One of the difficulties with the use of polymers to block thief zones, is the issue of viscosity. Viscous polymers are difficult to pump and, in presence of common crosslinking agents such as chromic acetate, gel too quick to place deep in target zones. For this reason, there is considerable effort directed to delaying the crosslinking of polymers until they have already penetrated deep into the oil bearing reservoir.
The idea of using a polyelectrolyte complex for delaying the release of chromium was reported in previous applications US2008058229 (now U.S. Pat. No. 8,183,184) and US20100056399. Those disclosures were directed to novel compositions for delivering, controlling, and delaying the release of an oil and gas field chemical to a target area. The composition comprised a polyanion and a polycation forming a polyelectrolyte complex, and an oil and gas field chemical associated with the polyelectrolyte complex. The oil and gas field chemical was preferably selected from the group consisting of (a) a gel-forming or cross-linking agent, (b) a scale inhibitor, (c) a corrosion inhibitor, (d) an inhibitor of asphaltene or wax deposition, (e) a hydrogen sulfide scavenger, (f) a hydrate inhibitor, (g) a breaking agent, and (h) a surfactant.
In this prior work, one such polyelectrolyte complex was exemplified with a crosslinking agent. The polyelectrolyte complex (PEC) nanoparticle was prepared with polyethylenimine (PEI, Mw 25 kDa) and dextran sulfate (DS). The PEC entrapped and controlled the release of Cr(III). Although the gelation time using PEC nanoparticles was greatly extended compared to chromium (III) acetate used alone (280 times slower than that of the control), the gelation time was still too short for reservoir temperatures higher than 40° C. In addition, the use of chromium is prohibited in some countries due to its toxicity. Furthermore, PEI of 25 kDa is also known for its bias of biodistribution and transfection towards the lungs, causing significant toxicity in vitro and in vivo.

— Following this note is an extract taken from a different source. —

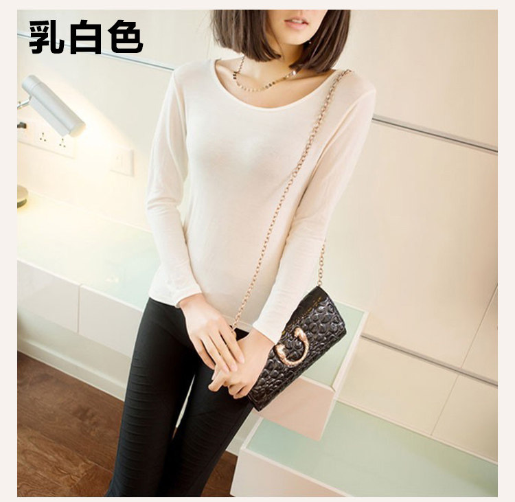 超薄款保暖内衣女上衣 单件秋衣打底内衣长袖 大低领莫代尔打底衫

In another U.S. Pat. No. 7,644,764 (US2008223578), we also reported on the delayed gelling made possible with a PEC that lacked metal ions. In that application, a solution comprising PEI and dextran sulfate or chitosan and dextran sulfate was preformed. When mixed with varying amounts of the ALCOFLOOD® 935, gel delay of up to 12 days was observed, but the maximum temperature tested was only 40° C.
Thus, what is needed in the art is PEC nanoparticle system that can provide much longer gelation times at higher temperatures, preferably with less toxicity than the prior art PEC nanoparticle system. In the ideal case, the gelant should have low initial viscosity, extended low viscosity period, long gelation time, and abrupt viscosity increase at the end when gelant becomes gel. Furthermore, the gelant should have both positive and negative charges, allowing its uses to be tailored to various conditions and applications.